Leyland saying that might have been at least a bit self-serving, potentially softening the reaction of fans if it happens, but nonetheless, it might have been a warning.

"You know what? That would be good for a controversial discussion," Leyland said on Thursday. "If I give him a day off and I rest him, everybody will say, 'How can you do that in a pennant race?' But you know what? If I have to do it, I have to do it. And I don't know that I'll have to do it.

"I'm not going to do anything stupid. I mean, look at the lineups. Look at them all over baseball. Guys get days off. If you have to give a guy a day off, I mean, I'm not going to put a guy out there that's hurt and can't perform. If it means [giving] him a day, if it means two days, you give it until the kid's right."

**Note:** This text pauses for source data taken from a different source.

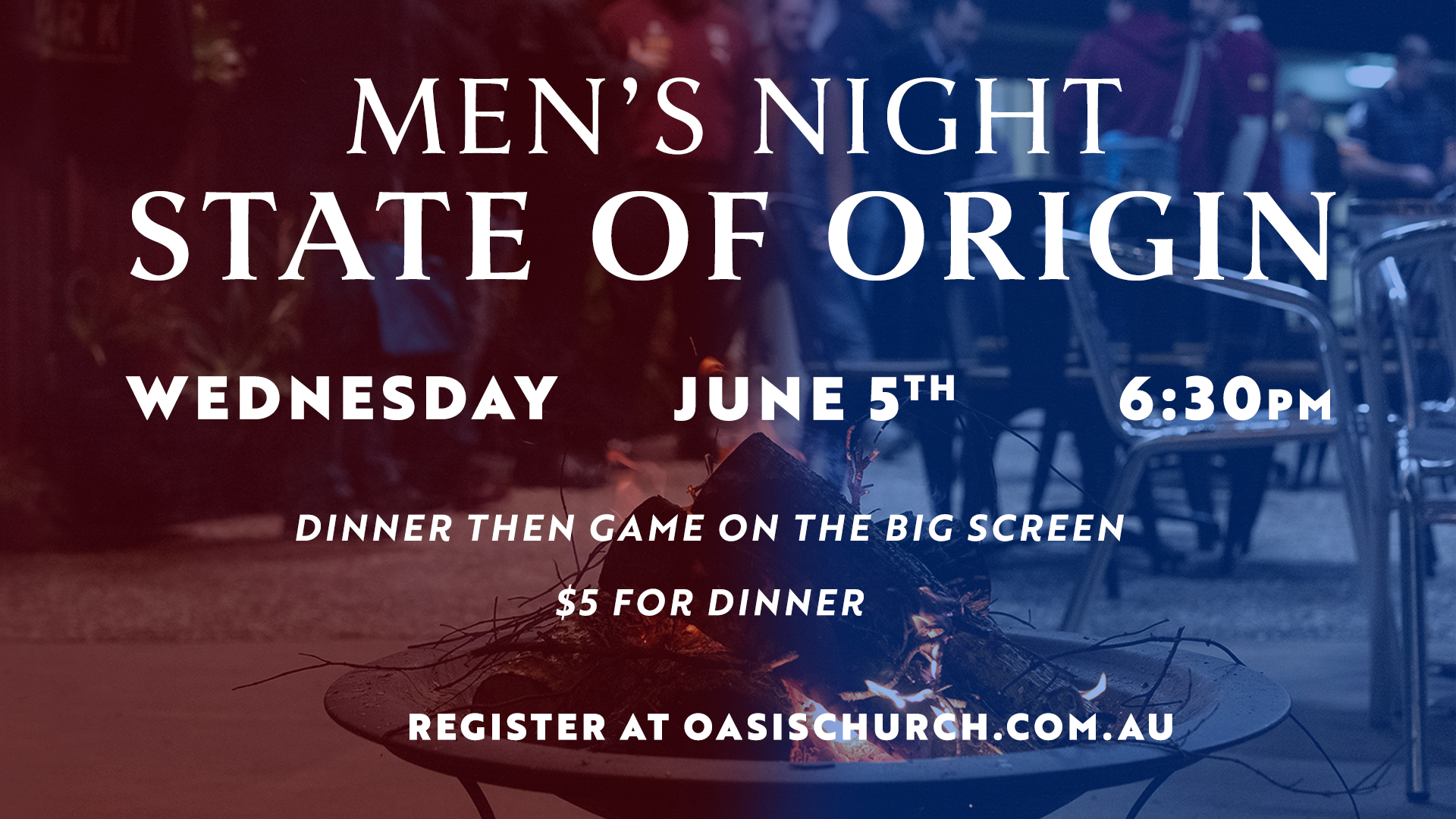 Oasis Church 10 Youngs Crossing Rd, Bray Park, QLD, AustraliaWill the Maroons keep the trophy this year? Let's find out together in front of the BIG SCREEN! We'll have dinner
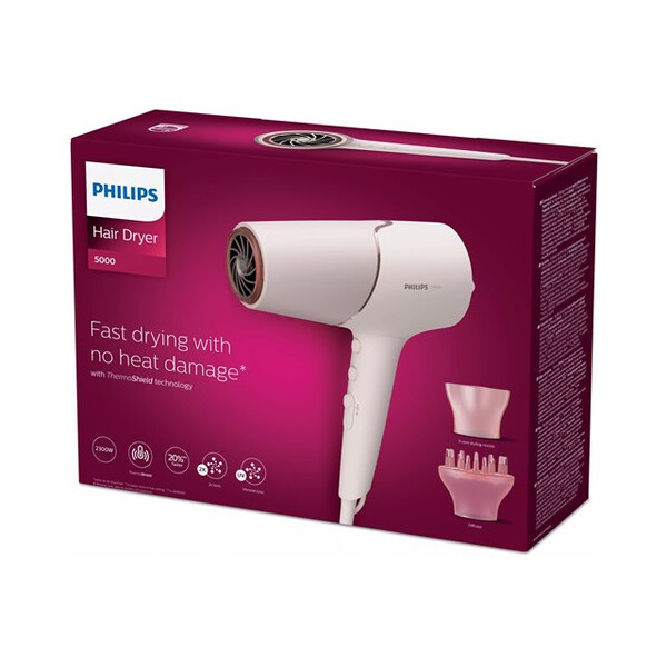 PHILIPS Hair dryer 2300W Series 5000 ThermoShield technology 6 heat and speed settings ionic care pink
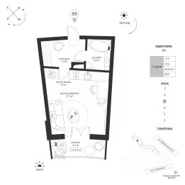 Жилая площадь17,5 м²
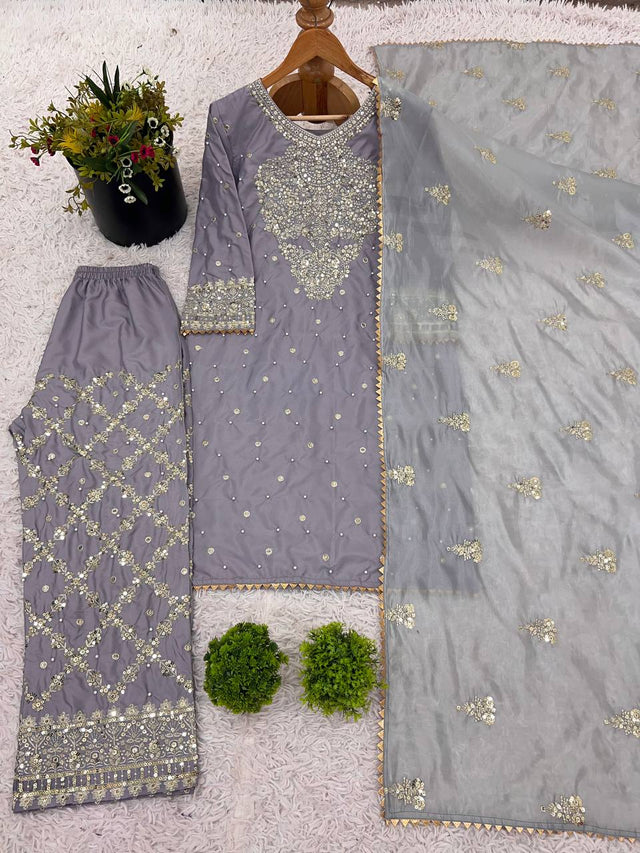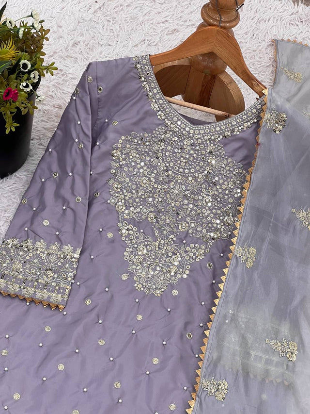 Fantastic Embroidery Work Lavender Color Sharara Suit
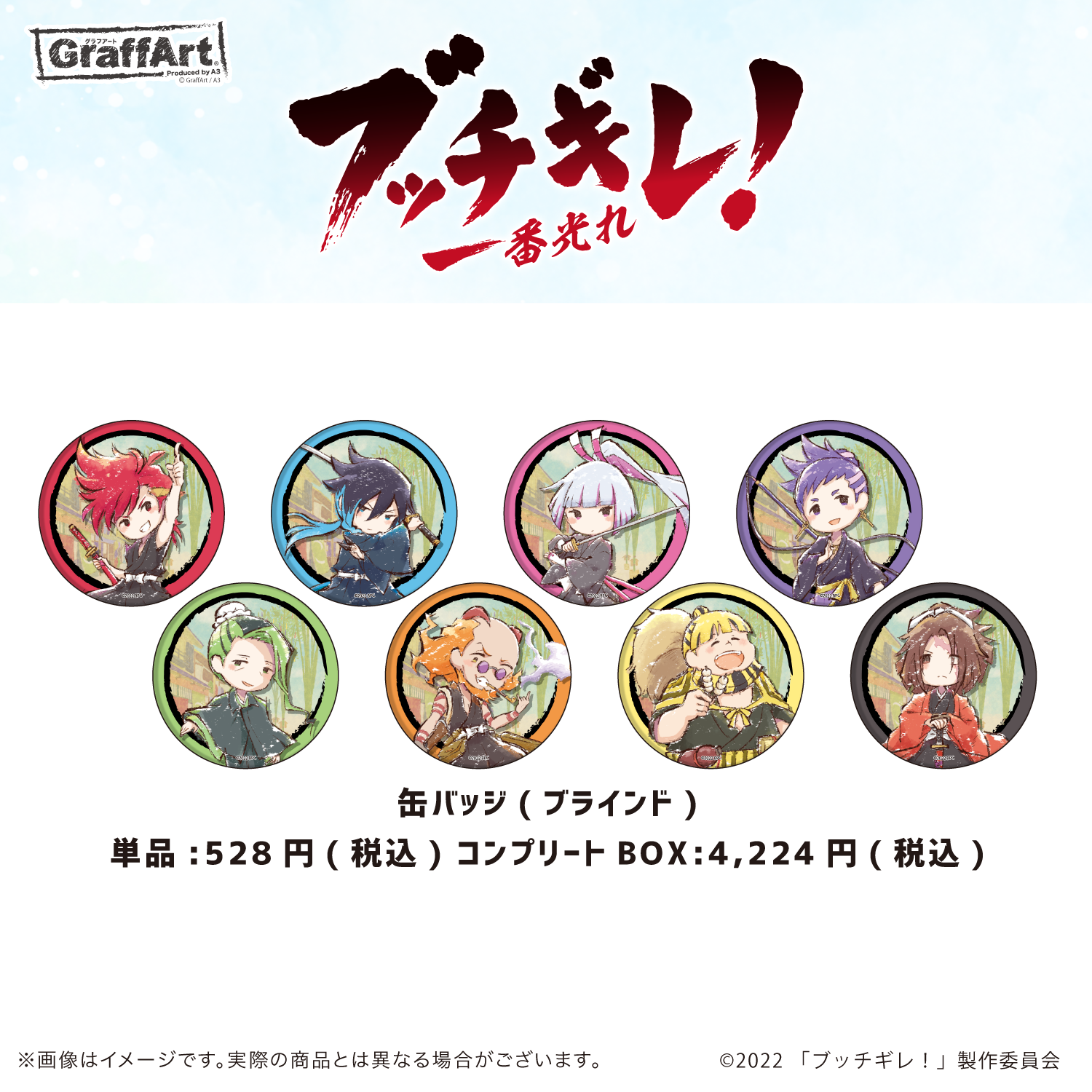 〈商品説明〉 65mmと少し大きめサイズの缶バッジです。 〈商品名〉 缶バッジ「ブッチギレ!」02/ブラインド(全8種)(グラフアート) 〈価格〉 単体 480円(税抜) BOX 3840円(税抜) 〈発売 …
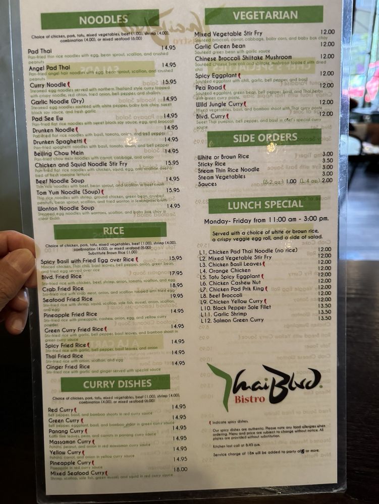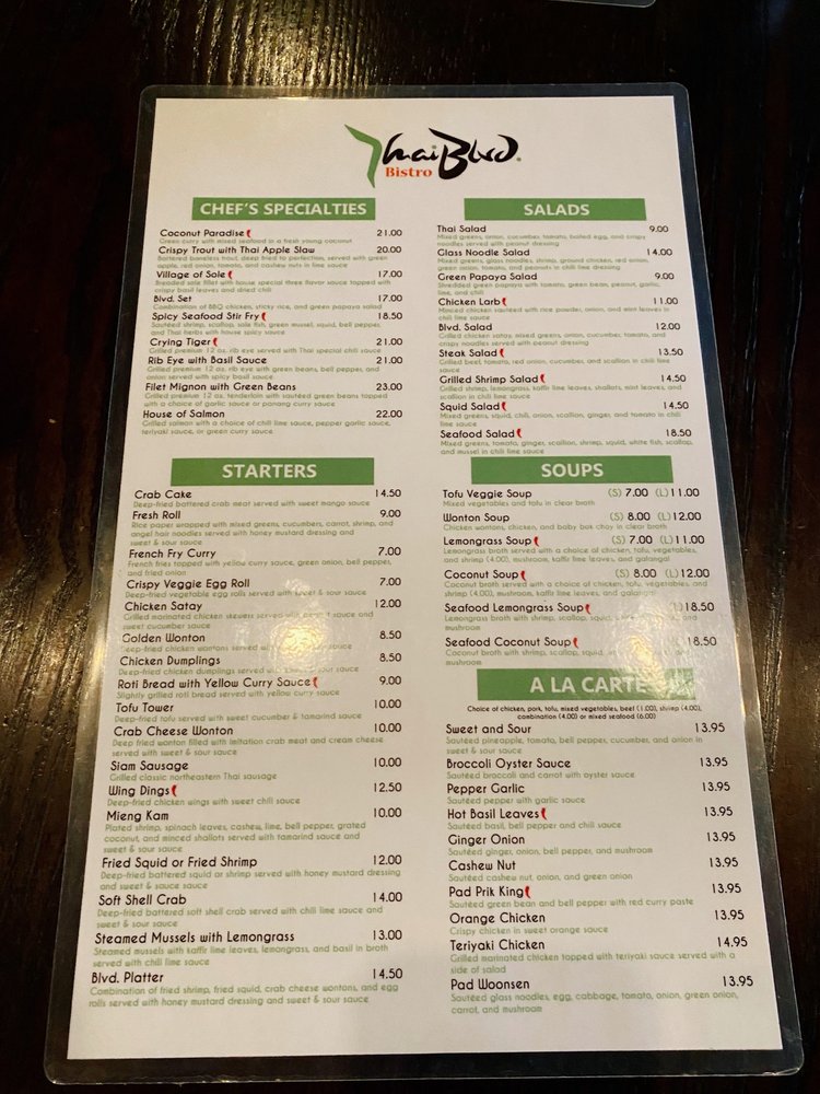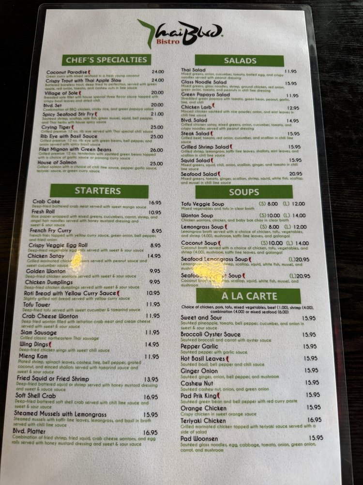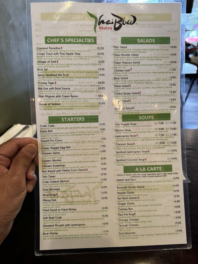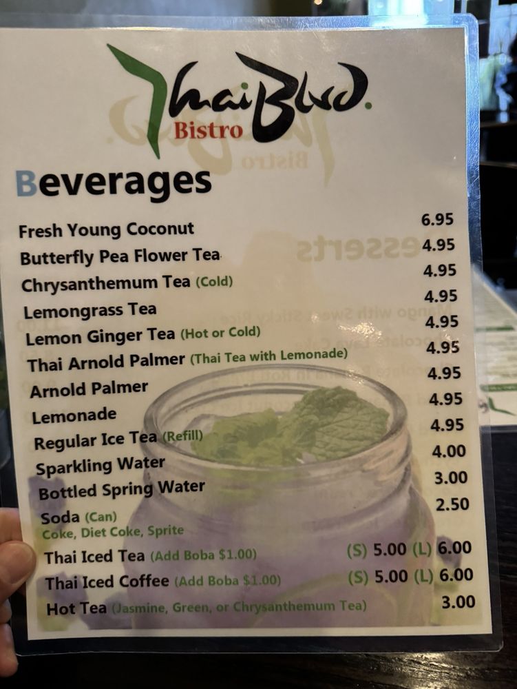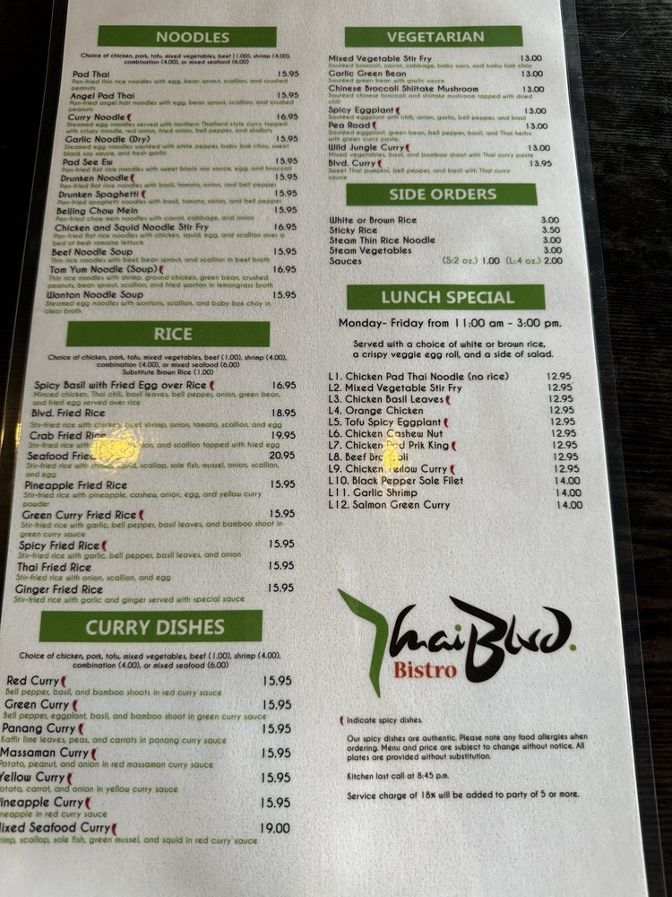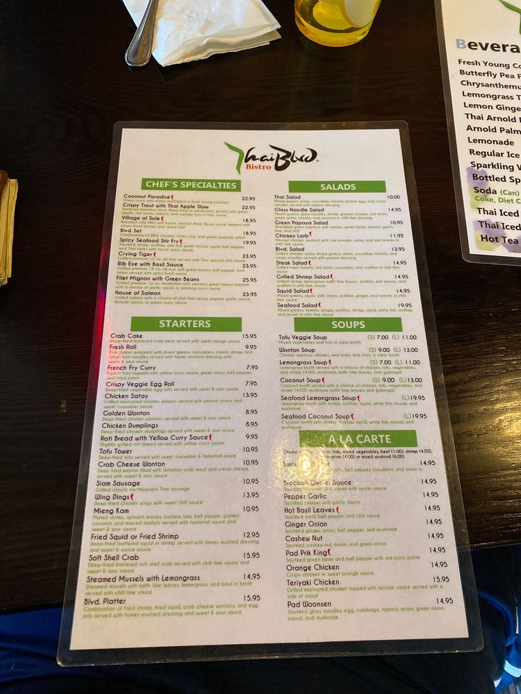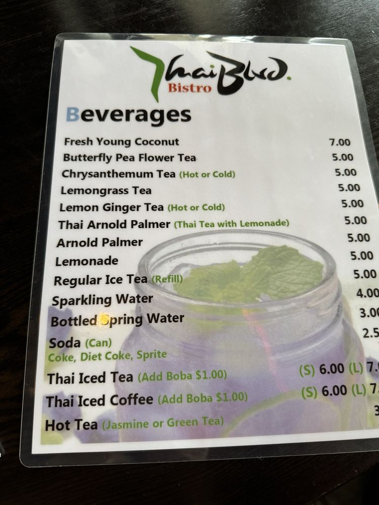 Introducing the menu at Thai Blvd Bistro, a hidden gem in Canoga Park. The bistro offers a variety of starters like fresh rolls, crispy veggie egg rolls, and chicken satay. For soup lovers, options include wonton soup, lemongrass soup, and coconut soup with various protein choices. The beverage selection features refreshing options like Thai iced tea, lemon ginger tea, and butterfly pea flower tea. Customers rave about the flavorful dishes, generous portions, and friendly service. The cozy ambiance, delicious food cooked with love, and quality ingredients make this family-owned restaurant stand out. Don't miss trying their coconut soup and pad Thai, which receive high praise from patrons. Thai Blvd Bistro is a must-visit for those craving authentic Thai cuisine in a charming setting.
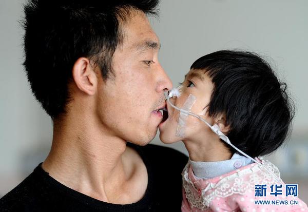 父亲嘴对嘴为患病女儿喂食 坚持500多天
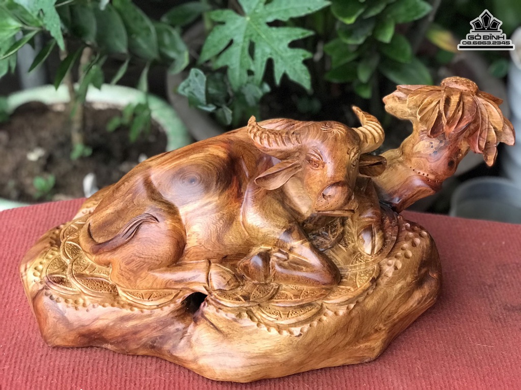 Tượng Trâu Gỗ Hượng Việt Cao 23 Ngang 45 Sâu 28 (cm)

Leyland sees similarities between Trout, Fidrych

DETROIT -- Jim Leyland managed Mark Fidrych in the Tigers' farm system in the 1970s, and he watched a Fidrych game as a fan at Tiger Stadium during the right-hander's magical 1976 rookie season. So when he talks about the phenomenon that "The Bird" created, he knows it from experience.

He sees some of the same reaction over Angels wunderkind Mike Trout.

"This is a little exaggeration, because it's a different type of admiration, but this is a Mark Fidrych-type thing," Leyland said about fan reaction. "Here's this young kid, and everybody's paying attention to him. It's great for the game."

Leyland noted that there's an influx of young players making an impact this year, citing Blue Jays third baseman Brett Lawrie before he was injured, plus others. That type of infusion with new faces, he said, can be good for the game.

From a publicity standpoint, Fidrych might be a fitting comparison. From a talent and impact standpoint, the last 20-year-old to make that big of a splash might be Miguel Cabrera, whose rookie season with the 2003 Marlins ended in a World Series title.

When asked if Trout's rookie season reminded him of his own, Cabrera said, "He's better."

Berry making the most of chances to steal

DETROIT -- Stealing bases in a blowout game with the outcome decided is one thing, manager Jim Leyland likes to say. Stealing them in a close game is another.

Stealing bases when everyone expects it is yet another.

That's what Quintin Berry did on Thursday in the 11th inning with the score tied, as the pickoff throws and pitchout preceding the steal proved.

"It's tough," Berry said on Thursday, "but you've got to take those little windows that you get. I'm going to give everything that I got. I'm not playing every day, so I've got a lot of energy built up, so I'm going to try to put all that into one play for them. I'm just glad we were able to get it."

Berry had entered the game as a pinch-runner. Whether that becomes a primary role for him, especially now that Andy Dirks is getting the vast majority of starts in left field against right-handed pitching, remains to be seen, but it would certainly be playing to a strength.

So far Berry is 17-for-17 stealing bases in the big leagues. Five of those stolen bases have come in the seventh inning or later in either a one-run game, tied contest or with the tying run on deck, according to baseball-reference.com.

Quick hits

• Major League Baseball handed Minor League outfielder Darren Driggers a 50-game suspension without pay on Friday after he tested positive for a metabolite of Drostanolone. Driggers, a 22nd-round selection in this year's Draft, had been playing in the rookie Gulf Coast League.

• Justin Verlander will not get an extra day of rest before his next start. With Monday's off-day, he'll be bumped ahead of Anibal Sanchez to start Tuesday's series opener in Kansas City. That will put him in line to face the White Sox next Sunday night in what will probably be a showdown with fellow American League Cy Young contender Chris Sale.